**Work task**: Please filter the listing for the string "para" and copy each matching line.
###
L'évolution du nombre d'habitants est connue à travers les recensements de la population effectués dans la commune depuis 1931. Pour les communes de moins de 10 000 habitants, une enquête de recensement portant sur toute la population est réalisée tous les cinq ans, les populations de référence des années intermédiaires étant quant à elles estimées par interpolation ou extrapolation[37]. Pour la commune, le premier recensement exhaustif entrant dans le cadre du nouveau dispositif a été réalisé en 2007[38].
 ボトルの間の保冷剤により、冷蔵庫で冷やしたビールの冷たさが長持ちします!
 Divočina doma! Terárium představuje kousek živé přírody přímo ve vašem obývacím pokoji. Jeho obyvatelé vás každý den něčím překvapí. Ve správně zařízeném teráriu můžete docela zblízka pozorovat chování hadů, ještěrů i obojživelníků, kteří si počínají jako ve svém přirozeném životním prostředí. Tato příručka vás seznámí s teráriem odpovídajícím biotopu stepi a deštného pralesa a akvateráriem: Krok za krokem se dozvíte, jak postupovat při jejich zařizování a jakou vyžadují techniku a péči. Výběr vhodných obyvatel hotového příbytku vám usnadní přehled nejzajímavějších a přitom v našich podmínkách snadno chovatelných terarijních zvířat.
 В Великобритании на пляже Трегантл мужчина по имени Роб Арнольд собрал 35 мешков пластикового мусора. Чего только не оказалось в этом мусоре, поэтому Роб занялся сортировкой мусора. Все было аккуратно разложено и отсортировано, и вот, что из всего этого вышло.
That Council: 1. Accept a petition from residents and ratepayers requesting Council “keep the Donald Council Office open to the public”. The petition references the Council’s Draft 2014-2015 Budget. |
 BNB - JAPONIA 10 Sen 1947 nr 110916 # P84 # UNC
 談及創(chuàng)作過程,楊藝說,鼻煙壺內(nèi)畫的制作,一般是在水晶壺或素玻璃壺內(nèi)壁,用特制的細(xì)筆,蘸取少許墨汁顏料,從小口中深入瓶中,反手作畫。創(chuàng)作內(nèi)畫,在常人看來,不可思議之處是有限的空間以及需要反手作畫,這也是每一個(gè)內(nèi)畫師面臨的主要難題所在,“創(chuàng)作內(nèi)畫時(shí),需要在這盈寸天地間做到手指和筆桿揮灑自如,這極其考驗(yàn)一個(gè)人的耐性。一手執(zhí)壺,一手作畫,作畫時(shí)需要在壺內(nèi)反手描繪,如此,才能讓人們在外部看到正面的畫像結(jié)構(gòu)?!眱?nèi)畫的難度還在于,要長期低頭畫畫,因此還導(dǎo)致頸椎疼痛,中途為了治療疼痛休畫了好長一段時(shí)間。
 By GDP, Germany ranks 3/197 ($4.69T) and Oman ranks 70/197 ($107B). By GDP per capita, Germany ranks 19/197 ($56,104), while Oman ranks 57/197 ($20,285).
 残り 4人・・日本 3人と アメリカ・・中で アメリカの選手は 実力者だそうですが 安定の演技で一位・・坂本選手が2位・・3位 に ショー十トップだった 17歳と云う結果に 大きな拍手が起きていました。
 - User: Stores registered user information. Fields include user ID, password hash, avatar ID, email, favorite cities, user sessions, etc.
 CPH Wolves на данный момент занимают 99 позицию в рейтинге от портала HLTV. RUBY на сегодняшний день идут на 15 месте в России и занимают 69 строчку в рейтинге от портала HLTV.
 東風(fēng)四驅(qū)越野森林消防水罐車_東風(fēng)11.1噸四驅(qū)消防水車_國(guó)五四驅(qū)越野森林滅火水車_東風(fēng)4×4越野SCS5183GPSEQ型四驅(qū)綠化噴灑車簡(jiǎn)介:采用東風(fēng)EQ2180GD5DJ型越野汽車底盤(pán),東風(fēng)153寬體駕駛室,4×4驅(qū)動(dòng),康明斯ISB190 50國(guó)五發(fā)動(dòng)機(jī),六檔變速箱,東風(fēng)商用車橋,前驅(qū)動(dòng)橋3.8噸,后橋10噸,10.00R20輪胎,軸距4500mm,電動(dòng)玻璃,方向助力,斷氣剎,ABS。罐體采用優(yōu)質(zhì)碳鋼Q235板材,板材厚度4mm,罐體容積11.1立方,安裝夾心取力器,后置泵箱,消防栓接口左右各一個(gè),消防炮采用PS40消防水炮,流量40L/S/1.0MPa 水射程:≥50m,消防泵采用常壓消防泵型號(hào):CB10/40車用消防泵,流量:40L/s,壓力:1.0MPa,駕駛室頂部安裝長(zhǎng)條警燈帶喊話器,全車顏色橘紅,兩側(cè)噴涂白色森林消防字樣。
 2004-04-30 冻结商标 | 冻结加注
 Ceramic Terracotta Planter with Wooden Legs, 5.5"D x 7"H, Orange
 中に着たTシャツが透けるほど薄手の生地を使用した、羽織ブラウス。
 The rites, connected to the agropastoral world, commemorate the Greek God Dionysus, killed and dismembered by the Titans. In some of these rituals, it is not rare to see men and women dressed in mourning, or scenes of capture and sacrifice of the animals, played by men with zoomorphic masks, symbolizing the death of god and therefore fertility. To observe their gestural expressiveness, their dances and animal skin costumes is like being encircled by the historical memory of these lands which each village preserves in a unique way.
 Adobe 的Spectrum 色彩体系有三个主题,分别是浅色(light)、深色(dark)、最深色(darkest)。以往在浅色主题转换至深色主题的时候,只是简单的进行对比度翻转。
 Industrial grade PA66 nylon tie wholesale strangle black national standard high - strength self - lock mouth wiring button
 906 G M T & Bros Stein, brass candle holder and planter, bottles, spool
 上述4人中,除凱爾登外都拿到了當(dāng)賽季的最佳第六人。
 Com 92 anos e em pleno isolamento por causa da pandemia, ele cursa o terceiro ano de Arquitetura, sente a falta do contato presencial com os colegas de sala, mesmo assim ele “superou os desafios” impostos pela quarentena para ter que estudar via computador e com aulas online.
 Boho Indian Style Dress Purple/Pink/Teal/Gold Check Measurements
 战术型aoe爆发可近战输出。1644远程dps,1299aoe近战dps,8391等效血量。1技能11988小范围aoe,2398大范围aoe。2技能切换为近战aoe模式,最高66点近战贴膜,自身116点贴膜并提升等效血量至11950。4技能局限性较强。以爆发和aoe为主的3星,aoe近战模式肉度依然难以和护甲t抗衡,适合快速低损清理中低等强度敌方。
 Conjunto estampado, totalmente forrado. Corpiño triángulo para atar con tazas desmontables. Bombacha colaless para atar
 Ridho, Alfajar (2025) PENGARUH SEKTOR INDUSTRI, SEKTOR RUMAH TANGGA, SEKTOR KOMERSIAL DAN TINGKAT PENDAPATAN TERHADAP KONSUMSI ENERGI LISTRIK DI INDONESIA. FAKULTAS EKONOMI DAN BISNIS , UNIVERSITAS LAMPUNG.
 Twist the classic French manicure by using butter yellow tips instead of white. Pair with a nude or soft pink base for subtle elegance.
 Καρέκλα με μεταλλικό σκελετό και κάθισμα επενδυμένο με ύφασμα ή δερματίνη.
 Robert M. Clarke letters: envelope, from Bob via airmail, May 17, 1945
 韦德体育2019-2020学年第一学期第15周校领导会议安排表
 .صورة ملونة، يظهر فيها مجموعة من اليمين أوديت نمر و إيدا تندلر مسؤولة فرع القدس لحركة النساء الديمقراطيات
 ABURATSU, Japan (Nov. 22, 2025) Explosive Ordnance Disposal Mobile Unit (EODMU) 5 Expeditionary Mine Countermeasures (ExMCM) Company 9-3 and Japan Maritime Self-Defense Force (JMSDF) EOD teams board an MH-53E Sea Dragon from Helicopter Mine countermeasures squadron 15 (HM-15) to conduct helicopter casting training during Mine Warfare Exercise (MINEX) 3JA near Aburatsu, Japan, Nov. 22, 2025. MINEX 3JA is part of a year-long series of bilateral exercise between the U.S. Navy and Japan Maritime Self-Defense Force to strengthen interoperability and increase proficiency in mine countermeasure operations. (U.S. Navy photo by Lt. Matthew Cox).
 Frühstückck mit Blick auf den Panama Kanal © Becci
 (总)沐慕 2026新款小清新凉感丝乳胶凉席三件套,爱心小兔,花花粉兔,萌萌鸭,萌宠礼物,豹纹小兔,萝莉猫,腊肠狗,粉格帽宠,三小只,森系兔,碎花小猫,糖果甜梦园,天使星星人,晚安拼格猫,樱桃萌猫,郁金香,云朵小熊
###
**Response below**:
 Com 92 anos e em pleno isolamento por causa da pandemia, ele cursa o terceiro ano de Arquitetura, sente a falta do contato presencial com os colegas de sala, mesmo assim ele “superou os desafios” impostos pela quarentena para ter que estudar via computador e com aulas online.
 Conjunto estampado, totalmente forrado. Corpiño triángulo para atar con tazas desmontables. Bombacha colaless para atar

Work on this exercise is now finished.